A mais jovem começou a discorrer, inflamada, justamente, sobre arriscar. Escolher. Enfrentar. Derrubar o tempo, os homens, as imposições. Principalmente, enfatizava, quando se é mulher.

 

A mais velha de todas olhou-a muito e disse, em voz doce e firme: – Só queria ter a tua idade e saber o que sei hoje. Saber que sabia. O medo é mau conselheiro.

 

-Vai em frente, prosseguiu. E não te esqueças que somos eu, tua tia, tua mãe, somos nós, portanto, as redes da trapezista.

 

E gargalhou, alto, como só ela fazia. E o som que emitia ficava mais grave.

TIRINHA

SÔNIA VALÉRIA, A CABULOSA

CREPÚSCULO

CREPÚSCULO NÚMERO UM PARA PIANO - SOMOS GALDINO, SOMOS SOLANA

Eu não conhecia a jovem que partiu. Que escolheu. Ou não escolheu. São muito poucas as nossas escolhas. No Youtube, de madrugada, escutei o psicanalista Christian Dunkan e o jurista Silvio Almeida conversando sobre o Sujeito como possibilidade do indivíduo. Como horizonte, caminho. O sujeito que se constitui em oposição ao outro. Não por antagonismo. E sim conjunto.

 

Não nascemos sós. Tornamo-nos. Não desejei um crepúsculo triste. Foi impossível, contudo. Nem Francisco Bento aguentou, tantas as desventuras desfiladas na nossa face, em luta para resistir. Pedimos desculpas aos leitores. Vamos nos unir e melhorar.

 

A jovem deixou mensagem de que não deu. Eu não a conhecia. Lembrei imediatamente das palavras de Leila Perrone Moysés, quando queimaram um índio na madrugada de Brasília. “Parte de nós ateou fogo no índio adormecido. Outra parte, ardeu, junto com ele”. Assim se dá com a jovem. Precisamos de uma parte que fique em nós, que acolha, que volte a acreditar.

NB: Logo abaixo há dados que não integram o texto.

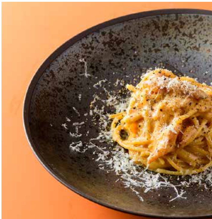
グアンチャーレと相模原恵壽卵のカルボナーラ スパゲッティ

CREPÚSCULO NÚMERO DOIS PARA GUITARRA - GUERRA E PAZ

Passei a tarde de sábado com 21 jovens entre 16 e 25 anos, reunidos em grupos de 7. Ao final revelaram esperança. Em especial por terem sido ouvidos, atentamente. Com escuta e falas.

 

A energia que emanaram está em nós, derramando bençãos poderosas em presença, nutrindo o futuro.

 

Obrigada por estarem com a gente até aqui.